Since this is our driver, I do not want the tank out for a long time. A swap is much better. The existing tank is fine, just all that old undercoat on it. I will see of I can come
up with a stock, even if dead, pick up from a junk yard. So, I have something to check any new one against before I pull mine apart.
I have had bad luck with internal coating over the years. On my 1947 Desoto I paid to have a stainless-steel tank made. Thick welded not stamped, it will last a 100 years or more.
Do you think the Vans tanks are too thin or just their zinc plating is just not that great?
James.
From: John
Grady <jkg@xxxxxxxxxxxxxxxxx>
Sent: Thursday, September 26, 2024 10:42
To: James Douglas <jdd@xxxxxxxxxx>
Cc: Nick Taylor <nicksgaragesd@xxxxxxxxx>; chrysler-300-club-international@xxxxxxxxxxxxxxxx
Subject: Re: {Chrysler 300} fuel tank filler neck 1963-1964
two observations , the Renu process is much better than a new tank , baked epoxy inside and out , unlike a new tank it cannot rust inside ever again . Immune to ethanol They
sand blast inside then epoxy oven baked ; you can get it uncoated outside , — I won't go there
The quality varies with each site , there is a guy in Wisconsin (I think) very proud of his work has done hundreds including two for me . 400 $ about plus ship
On gas tank senders see other e mails , the ones from vans were the problem babies . They tend to ship same sender for all mopar . you have to be sure float hits its own stops
at same instant float hits tank E or F
typical result with vsns is it reads E with 8 gallons in tank if you do not address this . Even then ohms not quite right either .
taking tank in and out full of gas over this gets old awful fast
you may have to extend and shape arm to fix this exact same travel to stop issue.
I use ford brass float and 12 ga solid copper wire , solder
i am grateful to vans we have anythng at all , but heads up . Agree new retaining ring is junk , yet another tank pull
On Sep 26, 2024, at 1:20 PM, 'James Douglas' via Chrysler
300 Club International <chrysler-300-club-international@xxxxxxxxxxxxxxxx> wrote:
Thanks Nick!
James
I remember when we first got the vapor recovery nozzles here in San Diego. I was driving my first car, which was a '64 300 Sport coupe. The ones with the big round rubber flange
weren't a problem, but the accordion style ones would always get hooked into the bumper. I ripped a few of them over those years.

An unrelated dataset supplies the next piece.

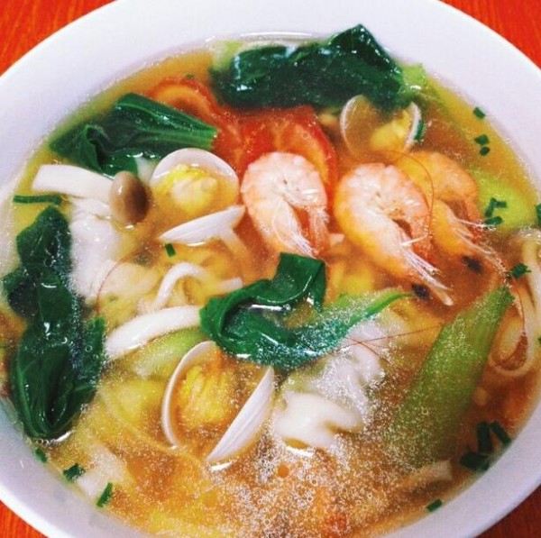 待水餃和面條差不多快熟的時候,放入菜葉,焯過的蝦、蛤蜊和番茄。記住菜葉要整片的,不然一燙就沒了。等待一分鐘拿來大面碗起鍋吧。怎么樣,色香味俱全誘人吧,趕緊行動吧。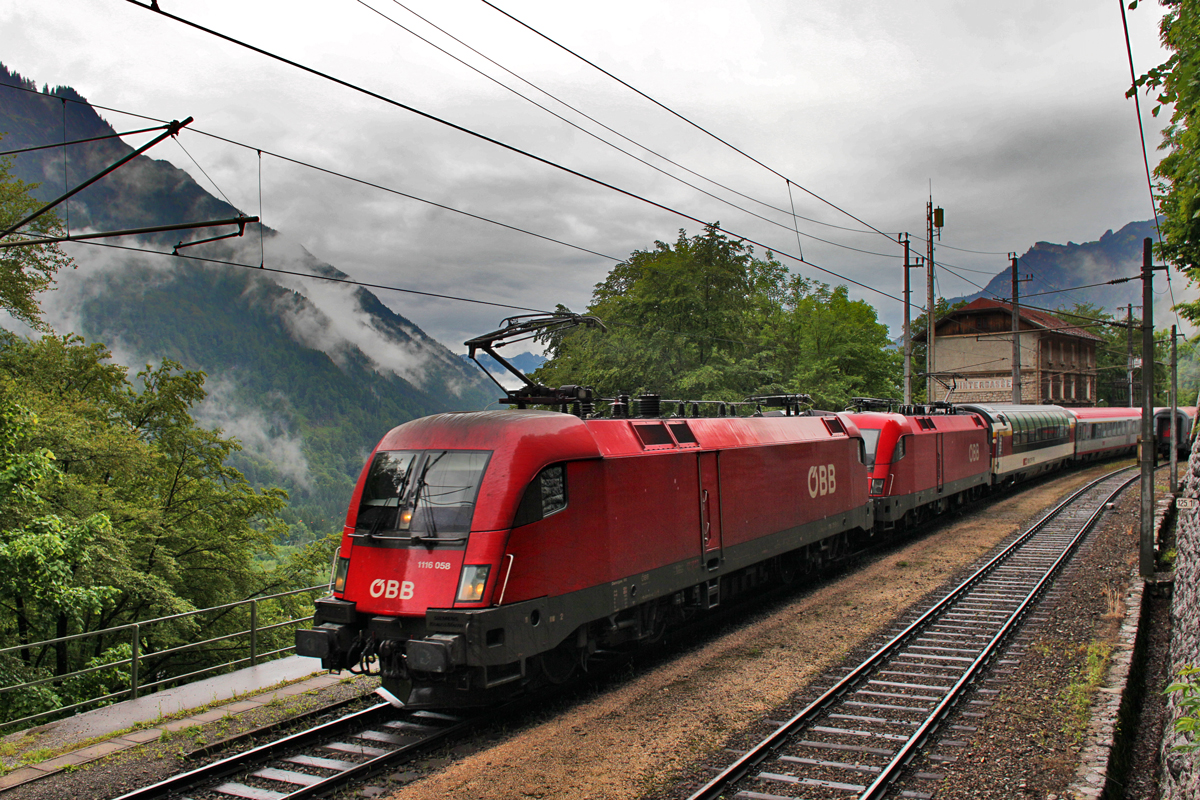 Eine 1116 der ÖBB vor einem Personenzug am 12.06.2016 bei Übersee am Chiemsee.

I don't have a filler pipe out of a car to measure unfortunately.
I recently bought a new tank for my '60 Imperial from VANS and it was very nice. It came with a new filler tube but I used the original as the new one was mishapened at the end
where it went into the tank. Also put in a new sending unit from them but my gas gauge still isn't working because I think I have a voltage limiter problem.
The worst thing about new sending units is the lock ring they supply with them are junk. I always try to use an original one.

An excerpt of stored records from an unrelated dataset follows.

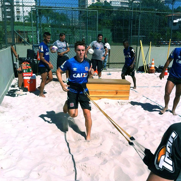 Antes mesmo de ser apresentado oficialmente no Vasco, Dagoberto realizou o seu primeiro treino com os novos companheiros. Ele participou de uma atividade na caixa de areia com um circuito físico com diversos tipos de exercícios na Barra da Tijuca. A apresentação do jogador está marcada para as 16h desta quarta-feira em São Januário.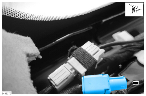 6. Reattach headliner to the roof using the headliner magnets and install a new C9128 connector to the IPMA camera and reconnect the headliner wiring harness C900 electrical connector in the A-Pillar. Refer to Figures 7-8. Cut off the existing coaxial cable connectors to make sure the original cable is not used again.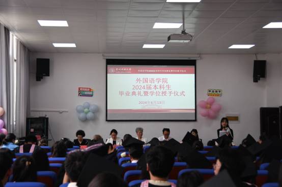 最后,卢文芸书记宣读了《关于授予2024届欧明月等153名毕业生学士学位的决定》。主席台领导为毕业生们逐一拨穗并颁发学位证书。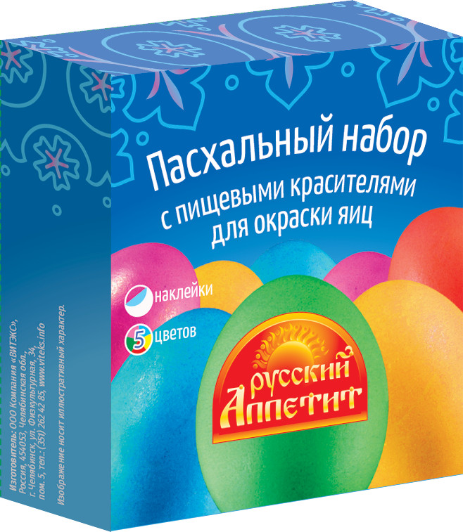Русский аппетит Пасхальный набор с пищевыми красителями и наклейкамиВ данный момент этот товар отсутствует в продаже. Возможно, у нас найдется аналогичный или похожий товар здесь. Один из главных символов Пасхи — окрашенные яйца. Традиционно их красят в луковой шелухе, что придает яйцам символический красный цвет. Но так хочется, чтобы праздничный стол украшали не только красные, но и разноцветные, необычные, расписные крашенки. Самый простой способ — использовать пищевые красители для яиц. |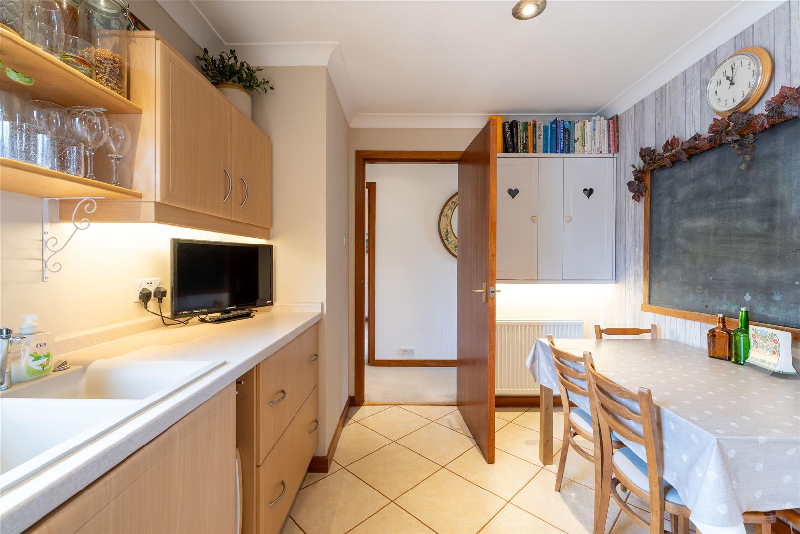 The bungalow is equipped with oil central heating and is double glazed throughout, ensuring warmth and energy efficiency. To the front, a monobloc driveway provides private parking leading to a single garage, while the garden grounds encompass both front and rear spaces. The enclosed rear garden is predominantly laid to lawn, complemented by planting areas and a paved patio, creating an excellent setting for alfresco dining and entertaining guests.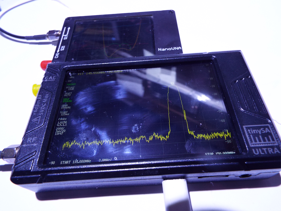 nanovnaのスイパー信号を測定物に通過させた信号をスペア ナtainySA ULTRで計測表示、上手く行った

Anyone happen to have a fuel tank filler neck out on the bench or shelf? I would appreciate a photo of it with the length
and OD of it.
The California Vapor Recovery rubber necks at the gas stations is such that the fuel hose end does not go as deep into
the tank as it did in the “old days”. As such they will the tank higher up than they once did before they clock off. Then if you park at any kind way with the rear down, you get fuel out.

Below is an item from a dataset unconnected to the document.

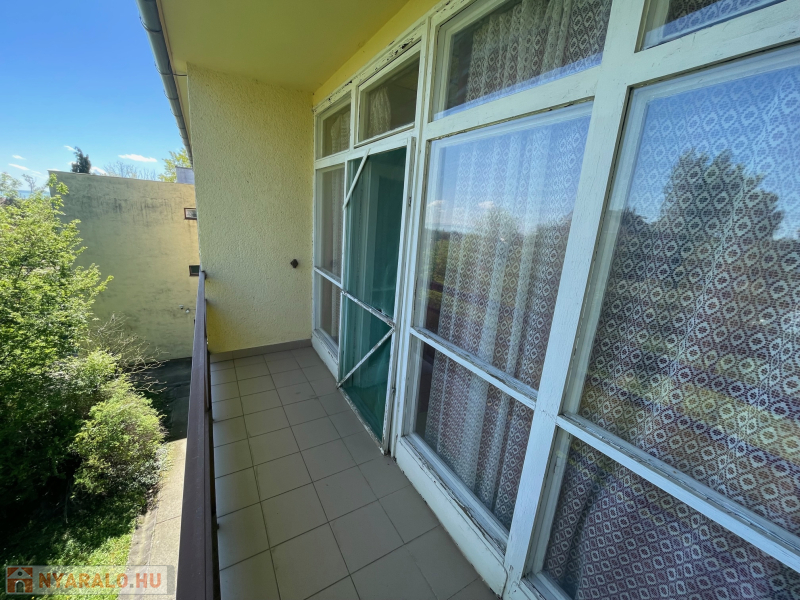 Füred Arács városrészében, a Vadvirág Társasüdülőben vált eladóvá ez a 27 m2-es, erkélyes, egy szobás apartman, melynek erkélyéről balatoni panoráma látható.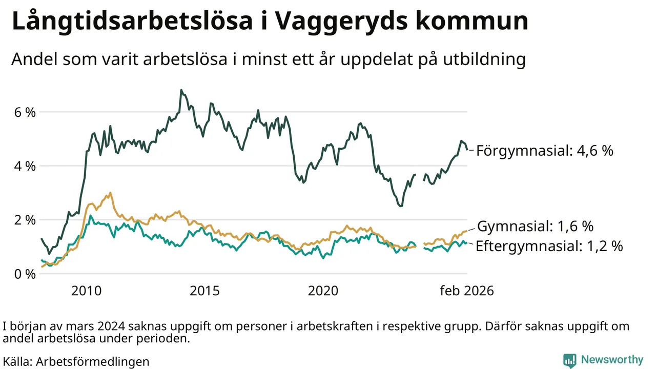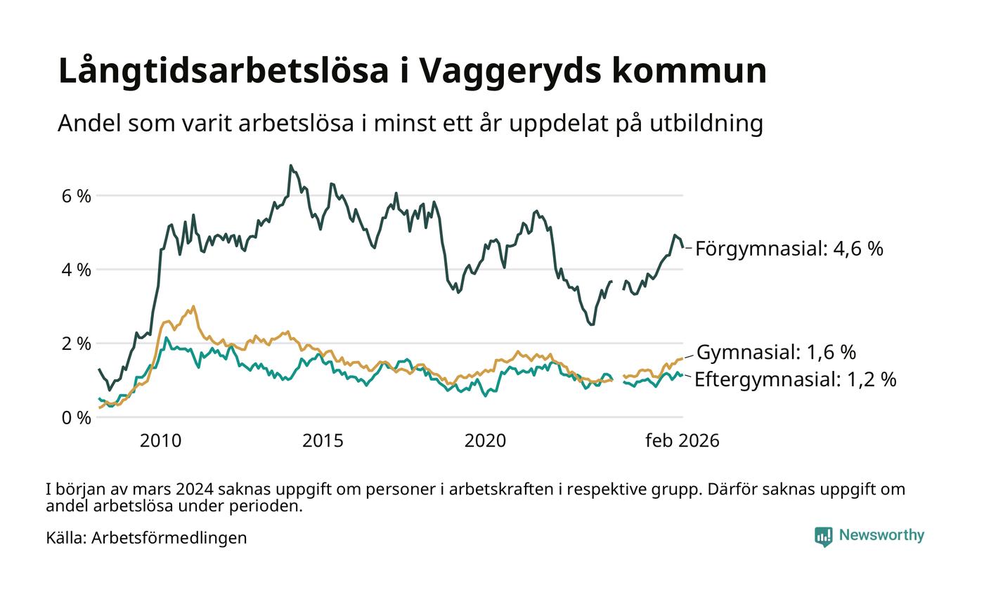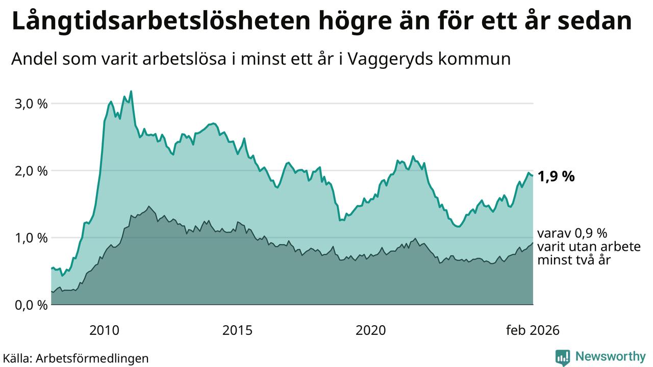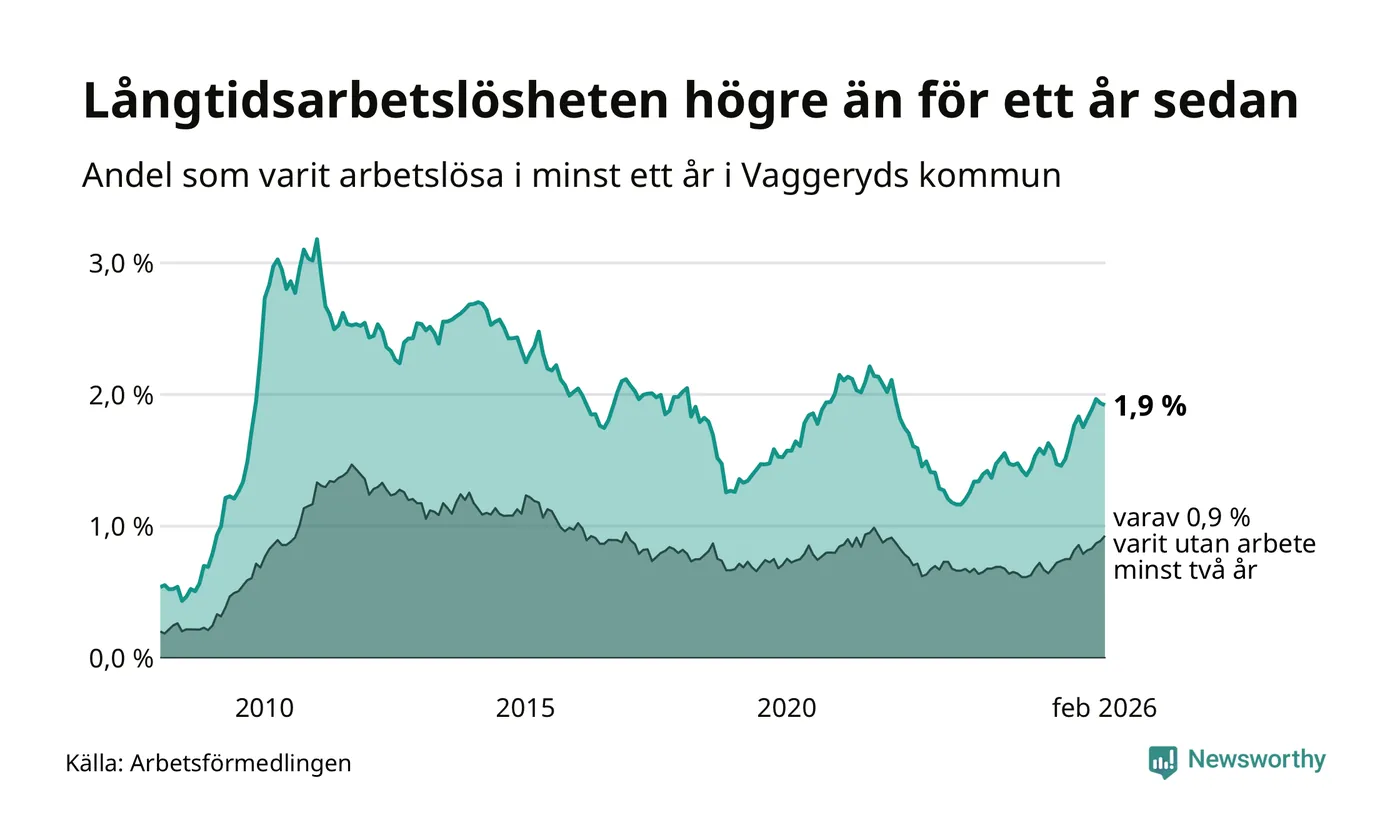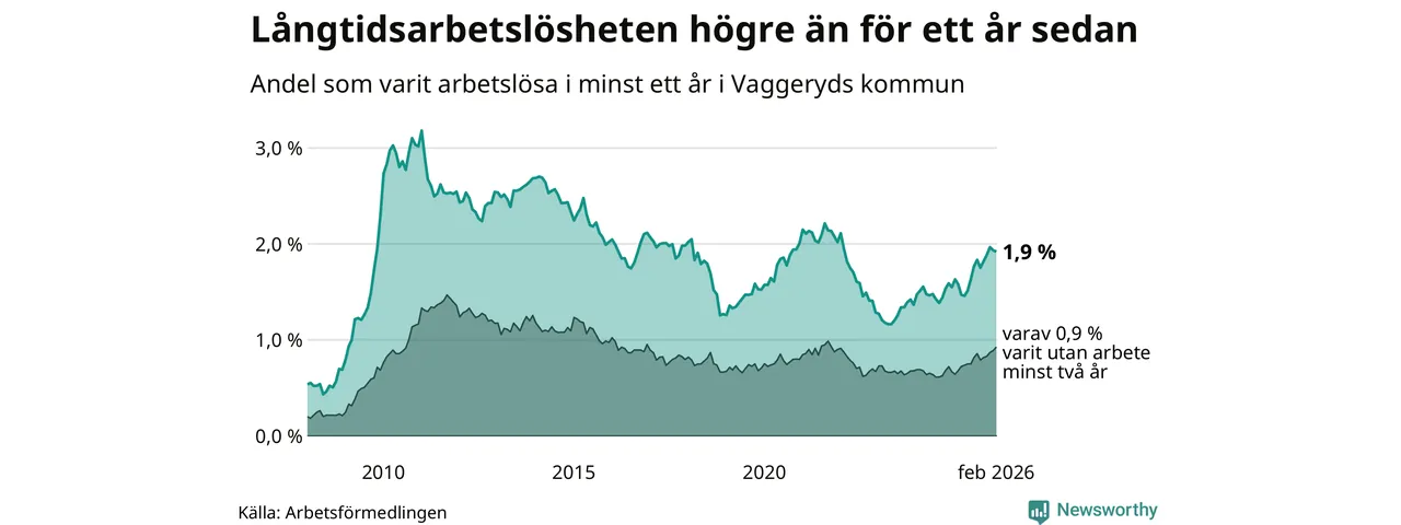 Andelen som varit utan arbete i minst ett år i Vaggeryd i februari var högre än för ett år sedan. Men jämfört med i januari har antalet långtidsarbetslösa minskat.

What I want to do is to investigate taking and old neck and extending it up toward the flip door. I measured it and I
have a good two inches that it could come up.
Vans sells some tubes for the “B” body and the Imperial that I could buy and modify. I just need to know the length and
OD without having to take mine apart first.
Also, has anyone purchased one of the new gas tanks? What did you think of the quality of their tanks and/or their senders?
Thanks, James
PS. You know they undercoated the cars with the tanks in place. That old undercoat soaks up fuel like a sponge. It stinks
for a day when it dribbles out and is also a fire hazard during that period. That is why I want to replace the tank. There is no place around Northern California that will boil out a gas tank anymore that I have found.